Lycaon (Griekse mythologie)

Uit Wikipedia, de vrije encyclopedie
(Doorverwezen vanaf Lycaon (griekse mythologie))
Lycaon wordt in een wolf veranderd, op de plaats die later Trapezus wordt genoemd, gravure door Hendrick Goltzius (1558-1617) voor Ovidius' boek Metamorfosen

De naam Lycaon (Oudgrieks: Λυκάων, Lykaoon) kan betrekking hebben op drie figuren uit de Griekse mythologie:

Lycaon, koning van Arcadië[bewerken | brontekst bewerken]

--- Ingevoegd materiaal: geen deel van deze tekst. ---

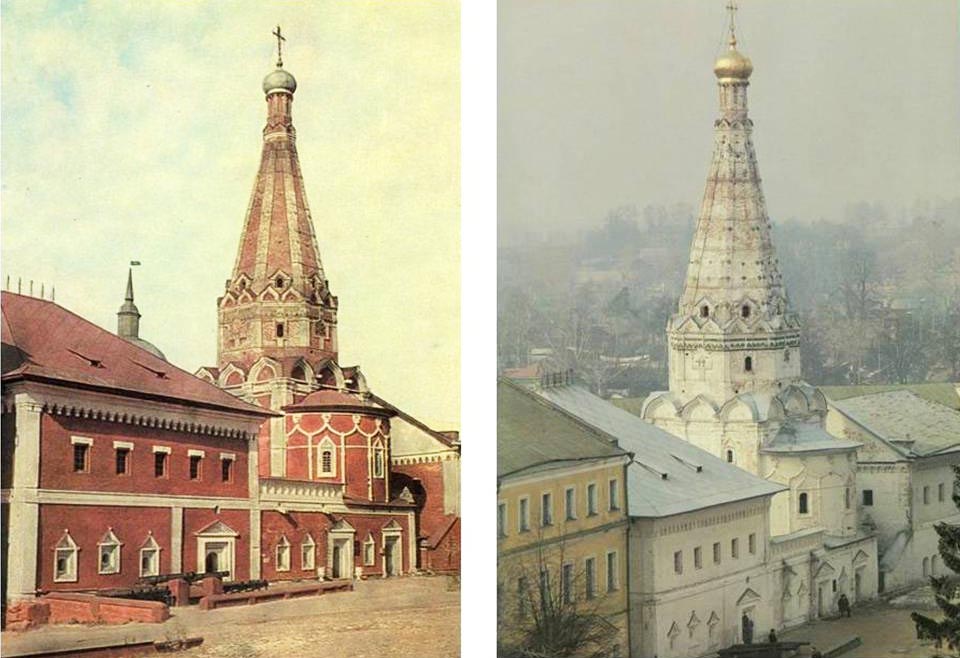 Позже В. И. Балдин перекрасил их в белый цвет. Каждый из архитекторов приводил свои доводы, которые до настоящего времени не подтверждены документально. В начале XIX века с пятиглавой надвратной церкви Иоанна Предтечи были сняты четыре боковые главы, которые показались лаврскому руководству «излишними», да и золотить все пять глав было дорого. Пятиглавие было восстановлено в 1976 году архитектором Юрием Беляевым. А вот расколеровка сооружения «в шахмат» (2010 г.) вызывает сомнения в её «первоначальности».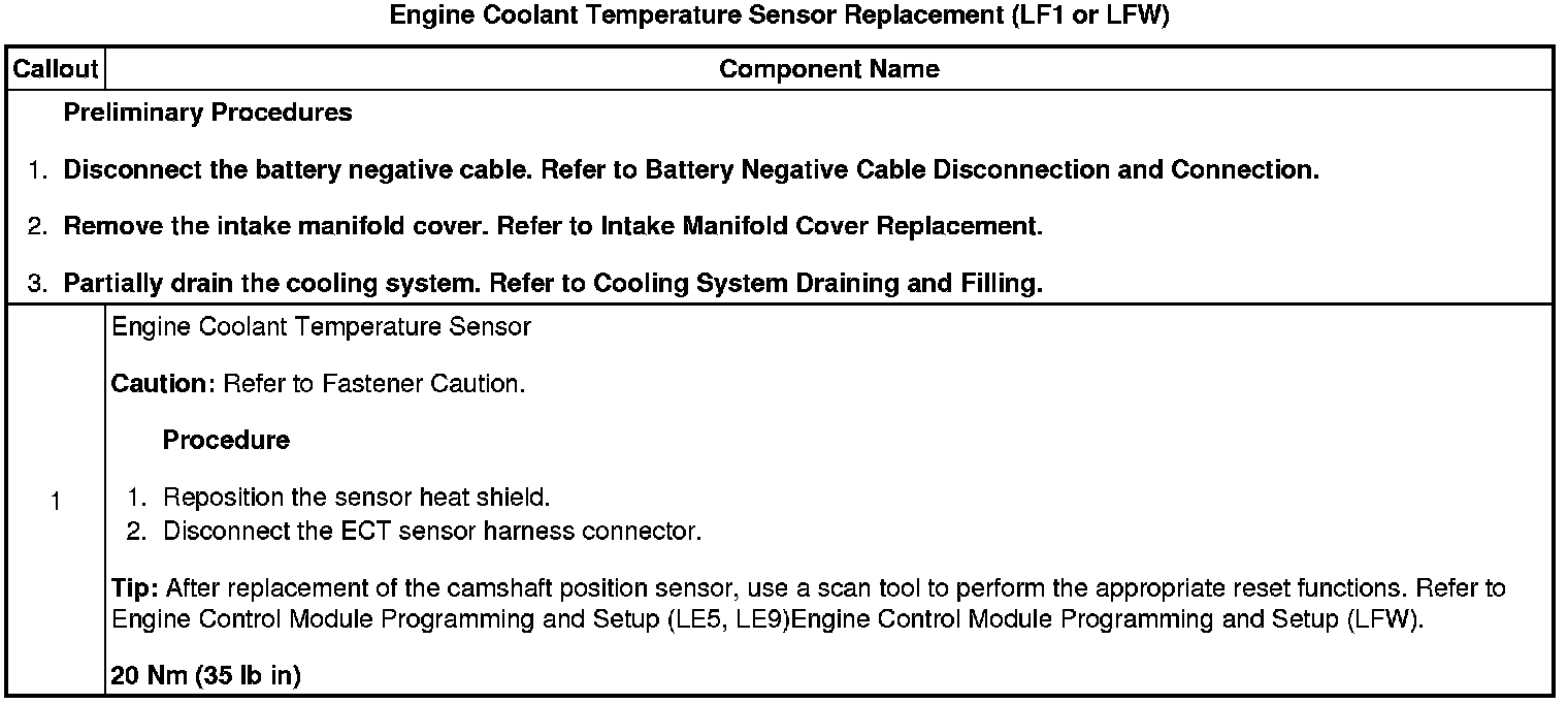 Engine Coolant Temperature Sensor Replacement (LF1 or LFW)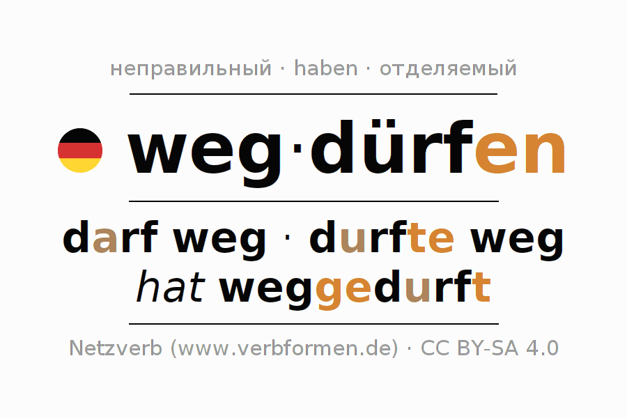 Глагол wegdürfen спрягается в индикативе Действительный залог (актив) в настоящем, прошедшем и будущем времени

Lycaon, zoon van Pelasgus, was de koning van Arcadië. Lycaons moeder was ofwel Meliboea (dochter van Oceanus), Cyllene of Deianira. De Arcadische stad Nonakris zou naar zijn echtgenote zijn vernoemd. Hij had minstens drie dochters: Callisto, Dia en Psophis en tweeëntwintig dan wel vijftig zonen. Hij zou als brenger van beschaving de stad Lycosura hebben gesticht, de cultus van Zeus Lycaeus (de Lycaea) op de berg Lycaeus hebben opgericht en de traditie van de Lycaeaanse Spelen zijn begonnen, die volgens Pausanias ouder waren dan de Panatheense Spelen. Volgens Hyginus droeg Lycaon de eerste tempel aan Hermes of Cyllene op. Lycaon leefde in de tijd vóór de Grote Vloed. Hij werd door zijn jongste zoon Nyktimos of zijn kleinzoon Arcas opgevolgd. Volgens Apollodorus deed Deukalions Vloed zich voor tijdens de regering van Nyktimos.

Mensenoffer[bewerken | brontekst bewerken]

Volgens Plato, in zijn Republiek (Boek VIII), kwamen bij de Lycaea mensenoffers voor en lycantropie, het aannemen van de gedaante van een wolf. En volgens Pausanias kwam de rite nog in de tweede eeuw voor. Lycaon bood Zeus een van zijn kinderen, namelijk Arcas of Nyktimos, als eten aan.

Een afwijkende versie is dat Zeus Callisto, de dochter van Lycaon, verkrachtte. Als gevolg hiervan werd Arcas geboren. De zonen stelden vervolgens Zeus op de proef door hem met dierenvlees gemengd mensenvlees voor te zetten, waarop Zeus de zonen doodde.[1] In beide versies verandert Zeus als straf Lycaon in een wolf (in het Oudgrieks: λύκος (lykos)). Van dit verhaal stamt het verhaal van weerwolven (lycantropen).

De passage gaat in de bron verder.